USE IN SPECIFIC POPULATIONS(details)
8.1 Pregnancy Risk Summary
Available data with JESDUVROQ use in pregnant women are insufficient to establish a drug associated risk of major birth defects, miscarriage, or adverse maternal or fetal outcomes.
The background risk of major birth defects and miscarriage for the indicated population is unknown. All pregnancies have a background risk of birth defect, loss, or other adverse outcomes.
In the U.S. general population, the estimated background risk of major birth defects and miscarriage in clinically recognized pregnancies is 2% to 4% and 15% to 20%, respectively.
2. Lactation Risk Summary There are no data on the presence of daprodustat in human milk, the effects on the breastfed child, or the effects on milk production. Daprodustat is present in the milk of lactating rats
3. Pediatric Use Safety and effectiveness of JESDUVROQ in pediatric patients have not been established.
4. Geriatric Use Of the total number of subjects treated with JESDUVROQ in the ASCEND-D study (n = 2,964), 480 (32%) subjects were aged 65 years and older, and 159 (11%) were aged 75 years and older.
No overall differences in safety or effectiveness were observed between these subjects and younger subjects.

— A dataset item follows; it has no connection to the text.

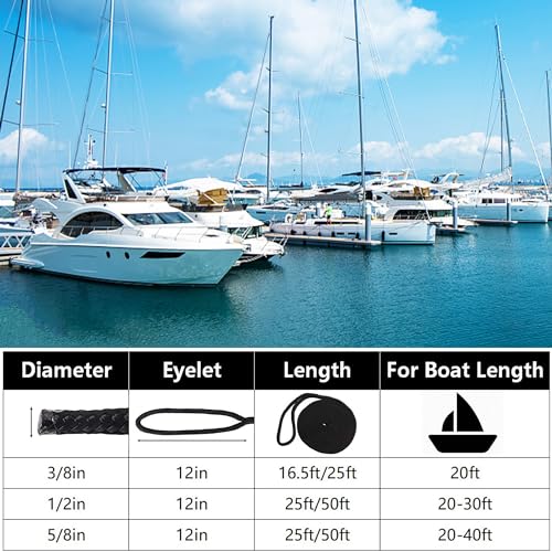Dimensioni: lunghezza: 5,7 m, 1,5 m, diametro: 0,9 cm, 1,27 cm, 1,5 cm. Resistenza alla rottura: 1814,4 kg/2,222,6 kg/2,540 kg. Le linee di ancoraggio in nylon nero possono proteggere la tua barca al sicuro nel molo qualunque sia il tempo!

No other reported clinical experience has identified differences in responses between the elderly and younger patients.
5 Hepatic Impairment- No adjustment of the starting dose is required in patients with mild hepatic impairment (ChildPugh Class A).

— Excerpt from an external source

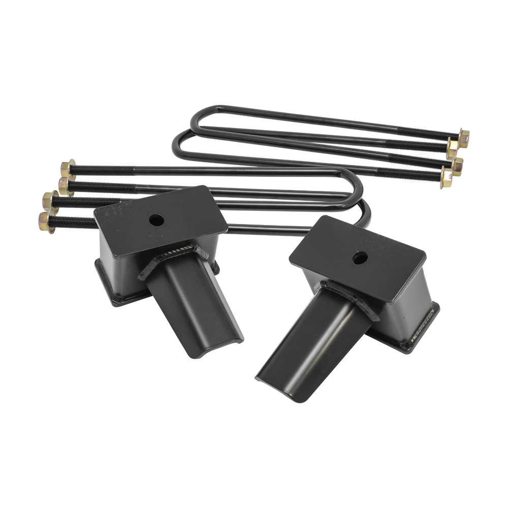 ReadyLIFT OEM-style rear block kits are available for 2017-2023 Ford Super Duty model-specific applications. These 4.0″ fabricated steel Tapered Rear Block Kits include two (2) rear blocks, four (4) long e-coated u-bolts and eight (8) nuts and washers. Based on OEM designs and never made out of lightweight extrusions, our 4″ 2017-2023 Ford Super Duty Tapered Rear Blocks have Integrated OEM style bump stops. ReadyLIFT Block Kits will put a slight rake back in your truck for hauling or towing and are designed to work with your ReadyLIFT Suspension Leveling Kit. In fact, these blocks are the ideal Tow Package upgrade for not only for stock height vehicles but lifted or leveled trucks too! Like all ReadyLIFT products these block kits come with our Limited Lifetime Warranty. NOTE: 66-2740 4″ block is for use on 2017-2023 Ford F250 Super Duty 4WD trucks with 1-piece drive shaft. Lift height will vary depending on what factory block your truck has. NOTE: Not for use on 2019-UP F350. NOTE: The lift blocks in this kit are not designed to work with aftermarket or factory add-on air spring/load leveling kits that attach to the bump stop tangs. Use of this type of air bag system will void all block warranties and can cause the failure of the block bump stop tang.
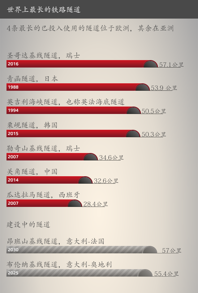 这条新隧道将成为阿尔卑斯山脉最重要的交通线路之一,是世界上最长的隧道:57公里,但是并不是唯一一条长度令人惊叹的隧道。

Reduce the starting dose of JESDUVROQ by half in patients with moderate hepatic impairment (Child-Pugh Class B) except in patients whose starting dose is already 1 mg
JESDUVROQ has not been studied in patients with severe hepatic impairment (Child-Pugh Class C).
Therefore, JESDUVROQ is not recommended in patients with severe hepatic impairment.

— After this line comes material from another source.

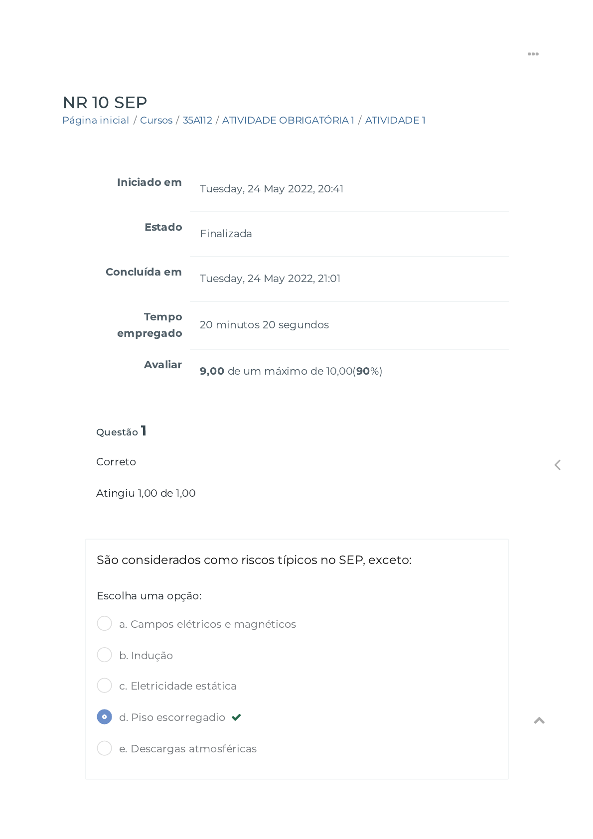 04/06/2022 12:43 ATIVIDADE 1 https://ava.politecnicabr.com.br/mod/quiz/review.php?attempt=3071214 1/11 Página inicial / Cursos / 35A112 / ATIVIDADE OBRIGATÓRIA 1 / ATIVIDADE 1 NR 10 SEP Iniciado em Tuesday, 24 May 2022, 20:41 Estado Finalizada Concluída em Tuesday, 24 May 2022, 21:01 Tempo empregado 20 minutos 20 segundos Avaliar 9,00 de um máximo de 10,00(90%) Questão 1 Correto Atingiu 1,00 de 1,00 São considerados como riscos típicos no SEP, exceto: Escolha uma opção: a. Campos elétricos e magnéticos b. Indução c. Eletricidade estática d. Piso escorregadio e. Descargas atmosféricas https://ava.politecnicabr.com.br/ https://ava.politecnicabr.com.br/course/index.php https://ava.politecnicabr.com.br/course/view.php?id=1034 https://ava.politecnicabr.com.br/course/view.php?id=1034#section-7 https://ava.politecnicabr.com.br/mod/quiz/view.php?id=32577 https://ava.politecnicabr.com.br/ 04/06/2022 12:43 ATIVIDADE 1 https://ava.politecnicabr.com.br/mod/quiz/review.php?attempt=3071214 2/11 Questão 2 Correto Atingiu 1,00 de 1,00 Emissor ou fonte, são elementos de um processo de: Escolha uma opção: a. Comunicação b. Administração c. Organização d. Distribuição https://ava.politecnicabr.com.br/ 04/06/2022 12:43 ATIVIDADE 1 https://ava.politecnicabr.com.br/mod/quiz/review.php?attempt=3071214 3/11 Questão 3 Correto Atingiu 1,00 de 1,00 Nesta fase é possível detectar as condições inseguras e os riscos de acidente que poderão ocorrer durante a realização de uma determinada tarefa a ser executada. A qual fase estamos estamos falando? Escolha uma opção: a. Projeto b. Planejamento c. Construção d. Operação e. Manutenção https://ava.politecnicabr.com.br/ 04/06/2022 12:43 ATIVIDADE 1 https://ava.politecnicabr.com.br/mod/quiz/review.php?attempt=3071214 4/11 Questão 4 Incorreto Atingiu 0,00 de 1,00 Inicia-se onde a energia elétrica é transformada, normalmente em subestações elevadoras, elevadas a níveis de tensão padronizados em 69, 138, 230 ou 500 kV, e transportada em corrente alternada através de cabos elétricos, até as subestações abaixadoras. Esta organização se refere a qual fase da energia elétrica? Escolha uma opção: a. Distribuição b. Transmissão c. Geração d. Consumo https://ava.politecnicabr.com.br/ 04/06/2022 12:43 ATIVIDADE 1 https://ava.politecnicabr.com.br/mod/quiz/review.php?attempt=3071214 5/11 Questão 5 Correto Atingiu 1,00 de 1,00 O que signi�ca by-pass? Escolha uma opção: a. É a continuidade do condutor, que faz interligação entre pontos da mesma fase para dá continuidade ao circuito elétrico. b. Interligação feita entre a fase do circuito elétrico e um equipamento (chaves fusíveis, interruptores, para-raios, transformadores, derivações de circuitos, etc.) c. Impedimento da reenergização d. Ligação intencional ao potencial de terra. e. Interligação provisória entre pontos da mesma fase para dá continuidade ao circuito elétricos. https://ava.politecnicabr.com.br/ 04/06/2022 12:43 ATIVIDADE 1 https://ava.politecnicabr.com.br/mod/quiz/review.php?attempt=3071214 6/11 Questão 6 Correto Atingiu 1,00 de 1,00 Para que os trabalhos em equipe sejam executados com qualidade e de forma segura, as seguintes orientações devem ser seguidas e observadas, com exceção de: Escolha uma opção: a. Saber dividir b. Aceitar as ideias dos outros c. Ser paciente d. Dialogar e. Ser egoísta https://ava.politecnicabr.com.br/ 04/06/2022 12:43 ATIVIDADE 1 https://ava.politecnicabr.com.br/mod/quiz/review.php?attempt=3071214 7/11 Questão 7 Correto Atingiu 1,00 de 1,00 Acontece nas usinas geradoras, que por transformação, a energia elétrica é produzida. Esta fase se trata da: Escolha uma opção: a. Consumo b. Distribuição c. Geração d. Transmissão https://ava.politecnicabr.com.br/ 04/06/2022 12:43 ATIVIDADE 1 https://ava.politecnicabr.com.br/mod/quiz/review.php?attempt=3071214 8/11 Questão 8 Correto Atingiu 1,00 de 1,00 Os pro�ssionais realizam seus trabalhos em locais que estão no mesmo potencial da terra, ou seja, se posicionando em escadas e executando todo o serviço através de ferramentas e equipamentos adequados. Este procedimento se refere ao método de trabalho: Escolha uma opção: Ao potencial À distância Noturno Ao contato Em altura https://ava.politecnicabr.com.br/ 04/06/2022 12:43 ATIVIDADE 1 https://ava.politecnicabr.com.br/mod/quiz/review.php?attempt=3071214 9/11 Questão 9 Correto Atingiu 1,00 de 1,00 Os pro�ssionais �cam em potencial intermediário, isolados em potencial da terra ou da rede, executando as tarefas ao contato, através de cestas aéreas ou plataformas, usando ferramentas e equipamentos adequados. Este procedimento se refere ao método de trabalho: Escolha uma opção: Ao contato Em altura Ao potencial Noturno À distância https://ava.politecnicabr.com.br/ 04/06/2022 12:43 ATIVIDADE 1 https://ava.politecnicabr.com.br/mod/quiz/review.php?attempt=3071214 10/11 Questão 10 Correto Atingiu 1,00 de 1,00 Tem início onde a energia elétrica é tratada nas subestações abaixadoras, seu nível é novamente rebaixado e transportados por cabos elétricos via aérea ou subterrânea. Depois tem seu nível de tensão novamente rebaixado a 110, 127, 220 e/ou 380 V, e �nalmente entregue para o consumidor �nal. Esta organização se refere a qual fase da energia elétrica? Escolha uma opção: a. Transmissão b. Geração c. Distribuição d. Consumo Entre em Contato https://www.politecnicabr.com.br 0800 084 2627 indisponível devido a pandemia de COVID-19, use outro canal! 0800 084 2627 comercial@politecnicabr.com.br Links Úteis Dicas da nossa Diretora Acadêmica Planner de Estudos Declaração de Matrícula Orientações do AVA Abertura de Ticket Fale com o Tutor Cronograma de Estudos Manual de Estágio Manual de Competência https://www.politecnicabr.com.br/ mailto:comercial@politecnicabr.com.br https://soundcloud.com/user-501638417/sets/escola-politecnica-brasileira https://storag

DRUG ABUSE AND DEPENDENCE-
1. Controlled Substance JESDUVROQ contains daprodustat, which is not a controlled substance.
2. Abuse Drug abuse 1is intentional non-therapeutic use of a drug, even once, for its rewarding psychological or physiological effects. Abuse of JESDUVROQ may be seen in athletes for the effects on erythropoiesis.
Abuse-Related Adverse Reactions There are no data on the abuse of JESDUVROQ in humans. Daprodustat and its metabolites neither selectively penetrate the central nervous system, nor produce behavioral effects in animals that are consistent with central nervous system activity.
Misuse of drugs that increase erythropoiesis, such as JESDUVROQ, by healthy persons may lead to polycythemia, which may be associated with life-threatening cardiovascular complications (e.g., stroke, myocardial infarction, and thromboembolism).
OVERDOSAGE- Headache and gastrointestinal adverse reactions (e.g., nausea) may be seen with acute overdose with JESDUVROQ. There is no specific antidote. Hemodialysis will not substantially remove daprodustat because it is highly protein bound.